With that many video it must be official, right? Otherwise the auto-bots would ping it as spam.


#11

Well, my theory was that it might run every time any developer runs a certain test suite, which could be several times a day per developer. With a large team, 200 times/day wouldn’t be too unreasonable.

I used the Google API to list the first 45,000 videos, and put the info in a spreadsheet. I expected to find fewer videos uploaded on Saturday and Sunday; but it turns out there’s no day of the week that has significantly fewer uploads.

I still think it’s for testing something rather than some attempt to communicate.

EDIT: no pattern in hour of day either.

EDIT2: Just realized “Torso” might be related to the Tor project?


#12

<Step-up-Transformers joke>


#13

I suppose it’s some software testing, considering webdriver is a part of selenium which is automated software testing: http://docs.seleniumhq.org/projects/webdriver/

“The biggest change in Selenium recently has been the inclusion of the WebDriver API. Driving a browser natively as a user would either locally or on a remote machine using the Selenium Server it marks a leap forward in terms of browser automation.”

“Selenium automates browsers. That’s it! What you do with that power is entirely up to you. Primarily, it is for automating web applications for testing purposes”


#14

this is in the third sentence of the article


#15

Anyone have an idea about how to extract and quantify the tones and/or rectangles? If we could have those reduced to meaningful data, then we could look for patterns within each dataset or relationships between them.

EDIT: wow, just realized this article got bumped to the front page. Neat! But now I feel obligated to work on this puzzle instead of hoping someone smarter than me does it first.


#16

The tones could be quantified by key or frequency, or, depending on how many different tones are used, they could correspond to an alphabet or hexadecimal values.
The rectangles hold a fair amount of data. There are two of them, so lets look at possible differences,
1- Are they touching, yes/no
2- Which is bigger, red/blue
3- If they are touching, which is on top, red/blue
4- Which is longer, red/blue
5- Which is taller, red/blue
6- Which is placed higher, red/blue
7- Which is placed further left, red/blue
8- Is one inside the other, yes/no

I might be missing some things, but from the boxes alone, we can get 11 octets of binary data.
I have no idea what order these would be in.
Another thought, an octet represented a portion of an IP address or an ASCII value?
Yet another thought, what if this is just Valve preparing to announce Portal 3? Remember what they did before Portal 2?


#17

then it would be cyan and orange ovals

I guess there’s two sets of coordinates for each rectangle (X1,Y1,X2,Y2) and the pitch of the note, so about 6 bytes per frame, slightly less since the video is only about 240p and the pitch will only be ~20~16kHz. The video is most likely just a random number generator fed into a routine that draws two rectangles and plays a note.

if the intention was to send a secret message, why not either a) increase the bandwidth by using QR codes, or b) increase the steganography and hide the fact that there is a message at all?

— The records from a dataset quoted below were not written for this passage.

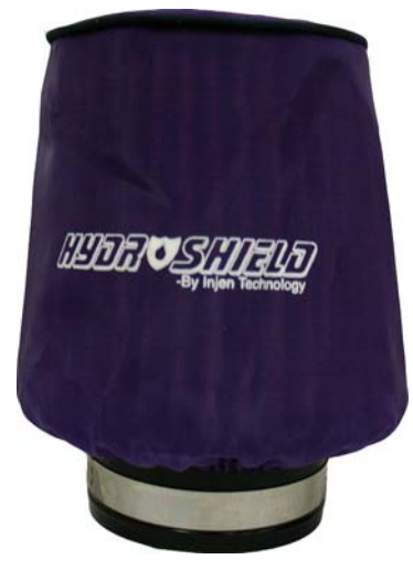
Hydro Shield Sold Separately
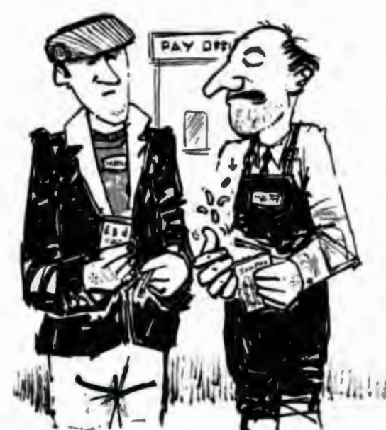
"Peanuts as usual Fred . . .

Following up on our feature "Old Moore's Tealeaves for 1969" which appeared in the Christmas issue of "Contact" our tame cartoonist
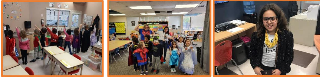
Superhero Day @ MCS – Grade 1, Kindergarten, and student dressed as Mom!

Who wants this kind of thing? A botnet? A developer? Maybe flag the videos as copyright infringement and see who protests the DCMA takedown notice


#18

There’s nothing in your message and it’s freaking me out.


#19

Well, we’re just gonna have two topics then, since merge failed. @beschizza we must be getting the UI wrong with this if it’s messing you up.

How I would do it:

  1. Start here
  2. Click admin wrench at top right (oh you aren’t an admin here HAHAHA SUCKS TO BE YOU)
  3. Select posts
  4. Select all
  5. Move to existing topic
  6. (this might be the tricky bit?) need the topic name or ID or URL of the target topic. Search does work here but if you have two topics with the same name already it’s gonna be possibly confusing.
  7. Move 'em on, head 'em up, rawhide!

#20

Thanks! I’ll be sure to follow these instructions in future. The topic ID isn’t too hard to find from URLs.

Eventually, it would be neat to be able to specify in Wordpress the ID of an existing discourse thread, as an alternative to starting a new one.